Third, do a balancing test. Consider the impact of your processing and whether this overrides the interest you have identified. You might find it helpful to think about the following:

  • What is the nature of your relationship with the data subject?
  • Is any of the information particularly sensitive or private?
  • Would data subjects expect you to use their information in this way?
  • Are you happy to explain it to them?
  • Are some data subjects likely to object or find it intrusive?
  • What is the possible impact on the data subject?
  • How big an impact might it have on them?
  • Are you processing children’s information?
  • Are any of the data subjects vulnerable in any other way?
  • Can you adopt any safeguards to minimise the impact?

You then need to make a decision about whether you still think legitimate interests is an appropriate basis. There’s no foolproof formula for the outcome of the balancing test – but you must be confident that your legitimate interests are not overridden by the risks you have identified.

Keep a record of your LIA and the outcome. It’s important to record your thinking to help show you have proper decision-making processes in place and to justify the outcome.

Keep your LIA under review and refresh it if there is a significant change in the purpose, nature or context of the processing.
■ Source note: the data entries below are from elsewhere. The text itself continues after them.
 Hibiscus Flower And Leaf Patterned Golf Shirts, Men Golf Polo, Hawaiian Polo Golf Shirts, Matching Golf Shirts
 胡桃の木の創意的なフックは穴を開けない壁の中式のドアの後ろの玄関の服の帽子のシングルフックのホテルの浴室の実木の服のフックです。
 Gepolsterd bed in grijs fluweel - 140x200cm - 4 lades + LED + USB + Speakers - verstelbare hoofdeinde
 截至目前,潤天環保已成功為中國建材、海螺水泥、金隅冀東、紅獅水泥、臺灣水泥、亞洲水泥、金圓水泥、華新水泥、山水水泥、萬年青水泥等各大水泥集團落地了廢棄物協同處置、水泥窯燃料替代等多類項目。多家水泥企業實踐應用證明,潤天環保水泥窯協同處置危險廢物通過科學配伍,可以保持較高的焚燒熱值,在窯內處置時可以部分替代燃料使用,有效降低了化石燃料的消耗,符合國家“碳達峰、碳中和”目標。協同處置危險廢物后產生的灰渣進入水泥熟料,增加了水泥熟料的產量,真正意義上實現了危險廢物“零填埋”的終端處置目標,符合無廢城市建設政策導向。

If you are not sure about the outcome of the balancing test, it may be safer to look for another lawful basis. Legitimate interests will not often be the most appropriate basis for processing which is unexpected or high risk.

If your LIA identifies risks, consider whether you need to complete a PIIA to assess the risk and potential mitigation in more detail.

What else do we need to consider?

You must tell data subjects in your privacy information that you are relying on legitimate interests, and explain what these interests are.

If you want to process the personal information for a new purpose, you may be able to continue processing under legitimate interests as long as your new purpose is compatible with your original purpose. You should conduct a new LIA as this will help you demonstrate compatibility.